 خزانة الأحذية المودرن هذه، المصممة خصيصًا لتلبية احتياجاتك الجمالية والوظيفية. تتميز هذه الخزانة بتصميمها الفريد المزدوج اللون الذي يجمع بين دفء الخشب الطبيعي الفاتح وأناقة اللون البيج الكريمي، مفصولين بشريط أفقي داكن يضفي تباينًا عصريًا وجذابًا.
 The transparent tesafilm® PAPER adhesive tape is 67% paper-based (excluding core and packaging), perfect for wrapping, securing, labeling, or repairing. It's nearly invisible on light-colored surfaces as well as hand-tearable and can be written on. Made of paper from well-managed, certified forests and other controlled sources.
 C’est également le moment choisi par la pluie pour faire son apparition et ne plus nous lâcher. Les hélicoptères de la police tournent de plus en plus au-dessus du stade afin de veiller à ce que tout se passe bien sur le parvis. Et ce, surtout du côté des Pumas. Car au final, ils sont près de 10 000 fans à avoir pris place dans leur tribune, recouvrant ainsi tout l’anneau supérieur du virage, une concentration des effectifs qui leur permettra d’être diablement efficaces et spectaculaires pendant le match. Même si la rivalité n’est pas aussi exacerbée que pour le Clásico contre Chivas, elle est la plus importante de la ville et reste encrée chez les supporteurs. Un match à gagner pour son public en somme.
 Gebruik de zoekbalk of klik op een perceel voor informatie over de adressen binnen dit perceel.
======
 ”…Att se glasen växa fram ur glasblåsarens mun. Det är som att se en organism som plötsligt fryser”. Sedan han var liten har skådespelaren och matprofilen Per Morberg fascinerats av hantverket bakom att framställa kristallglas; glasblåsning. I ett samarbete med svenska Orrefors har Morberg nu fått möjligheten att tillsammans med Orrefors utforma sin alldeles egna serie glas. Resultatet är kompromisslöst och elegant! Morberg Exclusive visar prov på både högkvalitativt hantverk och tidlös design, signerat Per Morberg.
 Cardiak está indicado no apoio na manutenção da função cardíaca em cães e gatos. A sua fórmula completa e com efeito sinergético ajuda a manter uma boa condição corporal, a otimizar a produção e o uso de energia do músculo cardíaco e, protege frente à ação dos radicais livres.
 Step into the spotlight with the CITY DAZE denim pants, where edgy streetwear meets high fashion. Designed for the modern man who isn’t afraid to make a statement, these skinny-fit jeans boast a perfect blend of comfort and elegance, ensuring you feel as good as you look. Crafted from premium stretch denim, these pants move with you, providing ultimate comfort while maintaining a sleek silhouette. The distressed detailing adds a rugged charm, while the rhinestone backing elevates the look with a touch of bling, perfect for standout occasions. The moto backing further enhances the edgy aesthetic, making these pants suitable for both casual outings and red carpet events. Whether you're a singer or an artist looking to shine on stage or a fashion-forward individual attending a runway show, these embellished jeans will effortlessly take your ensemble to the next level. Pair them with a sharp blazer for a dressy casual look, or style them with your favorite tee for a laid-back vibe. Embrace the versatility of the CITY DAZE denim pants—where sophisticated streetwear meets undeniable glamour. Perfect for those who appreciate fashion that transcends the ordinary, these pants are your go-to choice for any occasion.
======
- _EXERCISE OBJECTIVE_
Above are the lines; repeat exactly the ones from the line containing "The transparent tesafilm®" down to the line containing "Gebruik de zoekbalk", both inclusive.

- _RESULT_
 The transparent tesafilm® PAPER adhesive tape is 67% paper-based (excluding core and packaging), perfect for wrapping, securing, labeling, or repairing. It's nearly invisible on light-colored surfaces as well as hand-tearable and can be written on. Made of paper from well-managed, certified forests and other controlled sources.
 C’est également le moment choisi par la pluie pour faire son apparition et ne plus nous lâcher. Les hélicoptères de la police tournent de plus en plus au-dessus du stade afin de veiller à ce que tout se passe bien sur le parvis. Et ce, surtout du côté des Pumas. Car au final, ils sont près de 10 000 fans à avoir pris place dans leur tribune, recouvrant ainsi tout l’anneau supérieur du virage, une concentration des effectifs qui leur permettra d’être diablement efficaces et spectaculaires pendant le match. Même si la rivalité n’est pas aussi exacerbée que pour le Clásico contre Chivas, elle est la plus importante de la ville et reste encrée chez les supporteurs. Un match à gagner pour son public en somme.
 Gebruik de zoekbalk of klik op een perceel voor informatie over de adressen binnen dit perceel.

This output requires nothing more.